Archives of Disease in Childhood ; 106(Suppl 3):A19, 2021.
Article in English | ProQuest Central | ID: covidwho-1574439

ABSTRACT

This presentation discusses how the realignment of resources at Great Ormond Street Hospital during the pandemic permitted the development of a new virtual form of service delivery for families, prior to a child’s bone marrow transplant. The new format both facilitated interprofessional working and reduced the need for families to attend multiple meetings.Prior to the pandemic, different allied health professionals (AHPs) (occupational therapist, physiotherapist, social worker and clinical psychologist) each met families separately during their out-patient appointment, prior to the child’s bone marrow transplant.
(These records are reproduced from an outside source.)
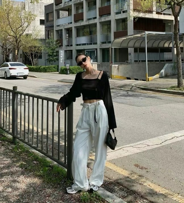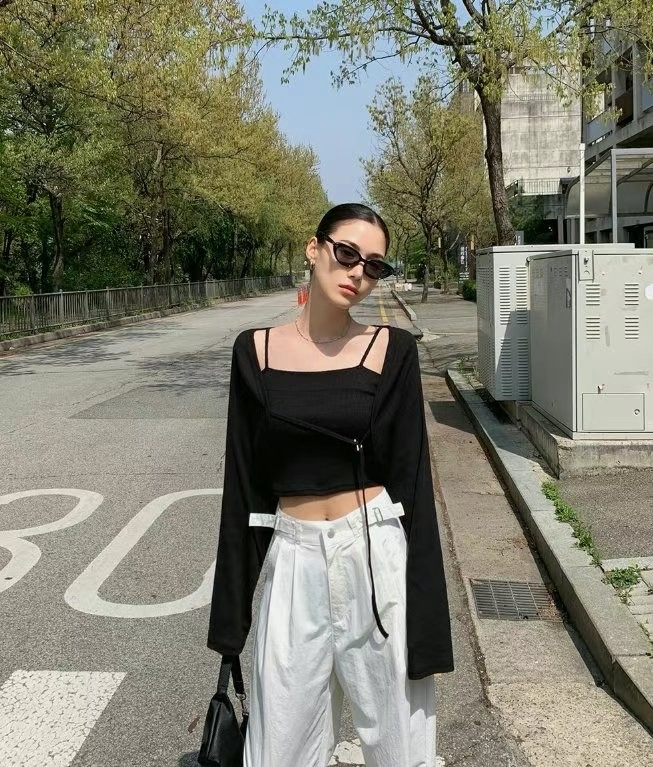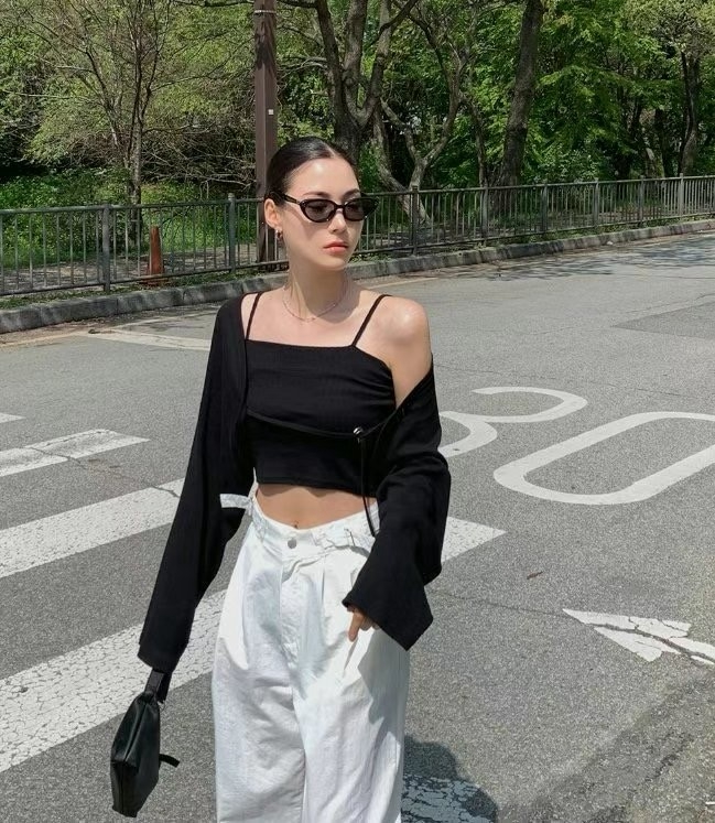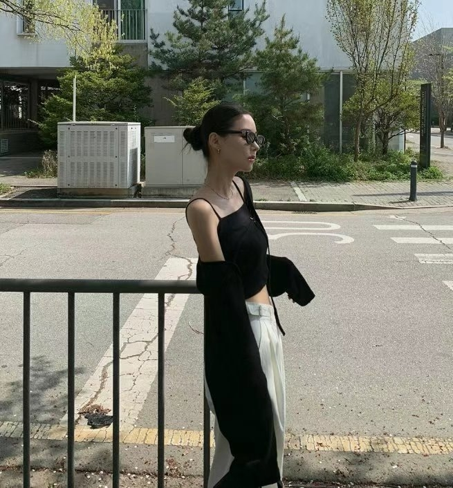 復古配色墊肩條紋小罩衫+後開衩鬆緊長裙SET(可拆買)
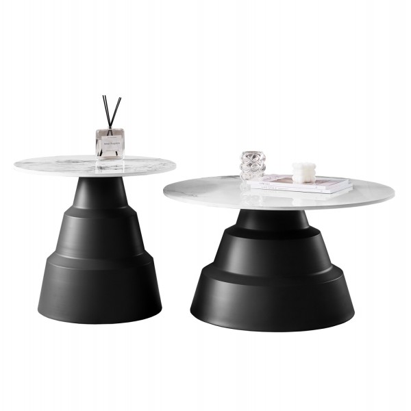 Αυτό το σετ τραπεζιών για το σαλόνι αποτελείται από 2 μεταλλικά τραπεζάκια στρογγυλά διαφορετικών μεγεθών. Οι βάσεις τους έχουν σχήμα διαβαθμισμένου κώνου σε ΜΑΥΡΟ χρώμα, ενώ οι επιφάνειες είναι κατασκευασμένες από γυαλιστερό sintered stone σε χρωματικό σχήμα SNOW WHITE. Ιδανικά τόσο για το σπίτι, όσο και για επαγγελματικούς χώρους.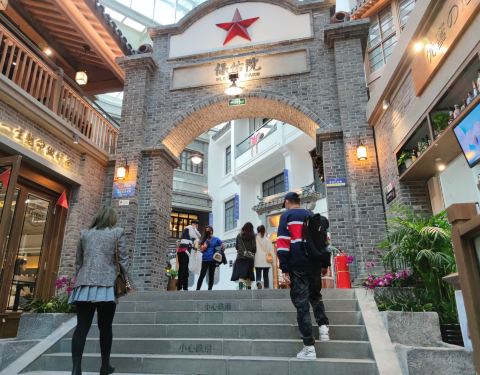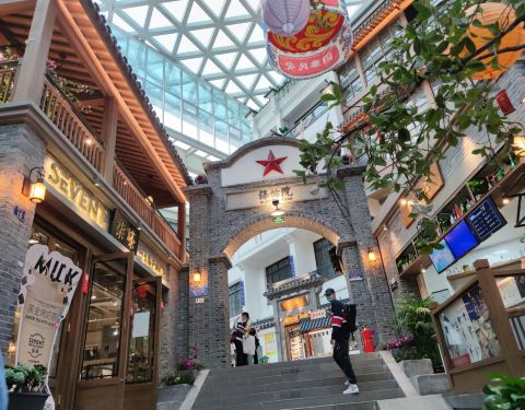 红旗街万达对面,里面的建筑很好!小吃很多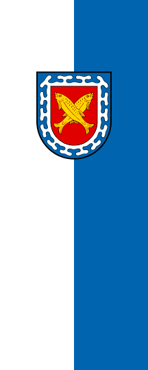 It is a white-blue vertical bicolour. The coat of arms is shifted to the top.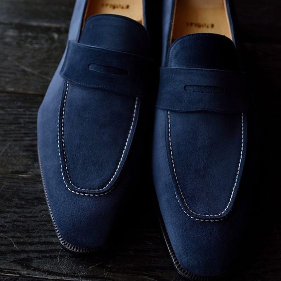 Navy Blue Penny Loafers Dress Moccasin Handmade Loafers Shoes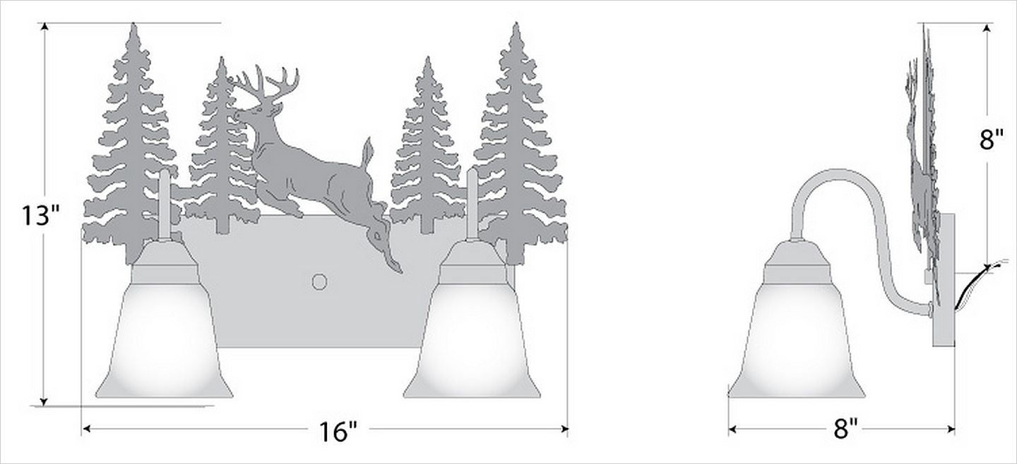 Affordable and pratical bathroom lights make the Wasatch Bathroom Vanity lights one of our best selling series. Offered with a choice of eight different styles and colors of glass globes, this fixture gives abundant light and rustic character to any bathroom. This item is the Wasatch Double - Valley Deer and is Pictured in Finish #03 - Cedar Green trees and Rust Patina base.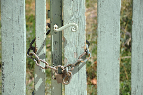 Portail avec chaine et cadenas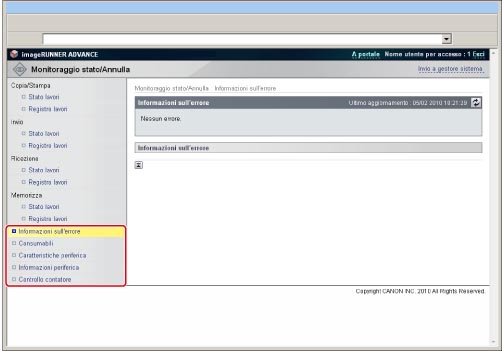 L'IU (Interfaccia Utente) remota può essere utilizzata per controllare lo stato della macchina, ad esempio per verificare la quantità di carta disponibile nelle varie fonti di alimentazione carta e per verificare se sono stati riscontrati errori. È anche possibile ottenere informazioni sul gestore del sistema, sulla posizione di installazione e sulle impostazioni di protocollo della macchina.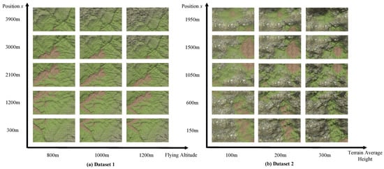 The UAV platform we used in this experiment was equipped with a UHD camera to acquire aerial images at 3840 × 2160 resolution and 30 frames per second. Besides, GPS and IMU values are also recorded, enabling us to classify the data by the approximate ground high and pitch angle (the angle between the optical axis of the camera and the horizontal plane). The UAV has flight several times to acquire aerial images on the region of interest, including town, mountain, and the mixed zone scene. These scenes located in the Jiushangding mountain, Tianjin, covering the area at approximately nine square kilometers. Figure 15 shows examples of satellite images acquired by google earth and aerial images acquired by UAV. These datasets were taken at ground heights ranging from 400 m to 1000 m in different pitch angle. Before feeding the sequences to our system, we resized all images to 960 × 540 resolution for the balance between run-time and accuracy. Detailed statistics are as shown in Table 3.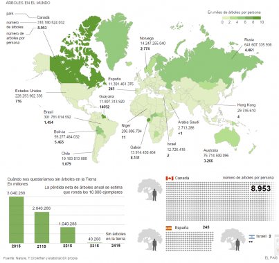 El nuevo recuento, que publica hoy la revista Nature, muestra que en realidad hay tres billones de árboles en todo el planeta, unas ocho veces más que lo calculado anteriormente. De media hay 422 árboles por cada humano.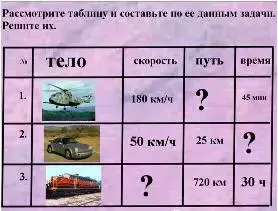 Учитель: мы с вами научились решать задачи. Для работы мы использовали разные сборники физических задач, в которых находятся условия качественных и расчетных задач. Следующее задание позволит вам стать авторами условия задач. Рассмотрите таблицу с недостающими значениями, составьте условие и решите задачи.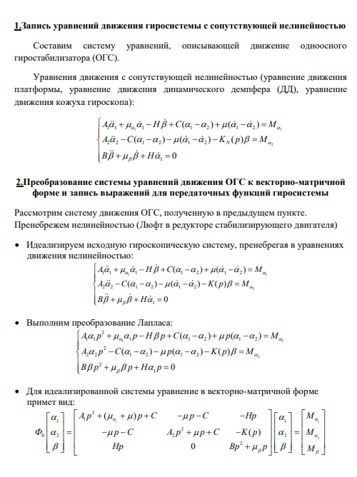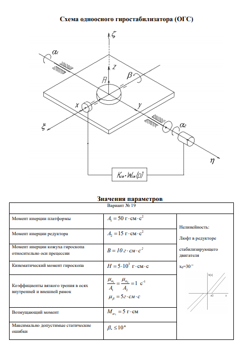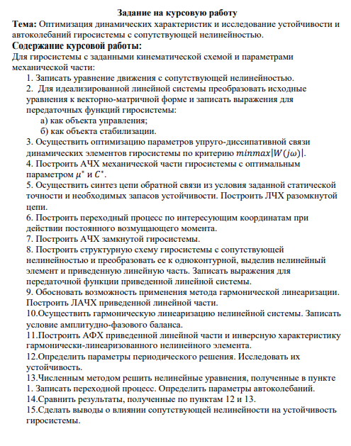 Тема: Оптимизация динамических характеристик и исследование устойчивости и автоколебаний гиросистемы с сопутствующей нелинейностью. Содержание курсовой работы: Для гиросистемы с заданными кинематической схемой и параметрами механической части: 1. Записать уравнение движения с сопутствующей нелинейностью. 2. Для идеализированной линейной системы преобразовать исходные уравнения к векторно-матричной форме и записать выражения для передаточных функций гиросистемы: а) как объекта управления; б) как объекта стабилизации. 3. Осуществить оптимизацию параметров упруго-диссипативной связи динамических элементов гиросистемы по критерию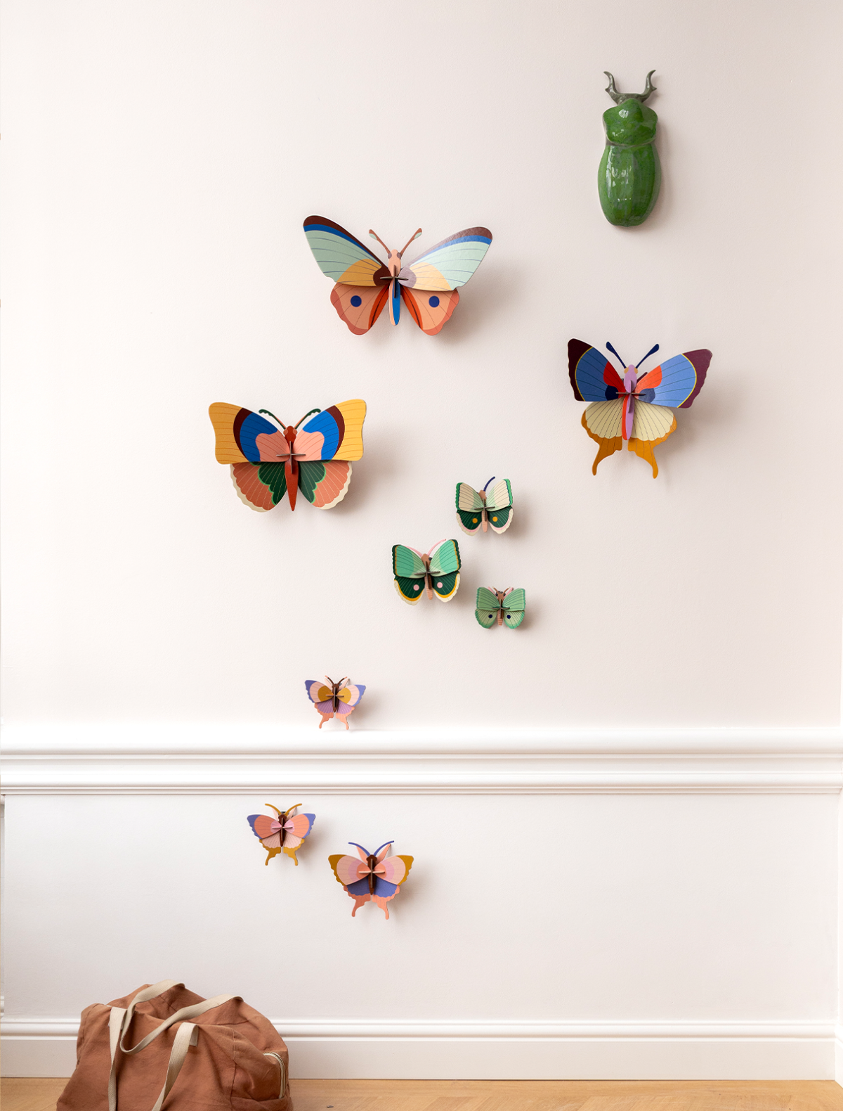 Imaginez le chuchotement de l’eau, le chant des oiseaux, puis soudain, observez ces trois créatures dansant au dessus de vous, si délicatement qu’elles vous en coupent le souffle. Et avant même que vous le réalisez, elles sont disparues! Heureusement vous pouvez suspendre ces trois papillons sur votre mur et les admirer aussi longtemps que vous le souhaitez.

Despite the different specific concerns of the various AHPs, the separate assessments were often repetitive and inefficient, with families feeding back that meeting the AHPs separately was ‘too much’. There had long been a wish within the Bone Marrow Transplant Department to run a joint AHPs clinic, but this was thwarted by limitations of time and office space.During the COVID-19 pandemic, the expansion of virtual means of service delivery provided the opportunity to establish a virtual clinic (O’Reilly et al 2021), which all AHPs could attend simultaneously. It was anticipated that this would be cost-effective for AHPs, reduce the need for families to repeat information to different professionals, and lessen the extent to which families felt overwhelmed by the experience.The presentation will summarise the issues involved, and the benefits and disadvantages of this new arrangement for both AHPs and families. It will consider whether families will continue to opt for virtual clinics post-pandemic or whether a desire for face-to-face clinics will return.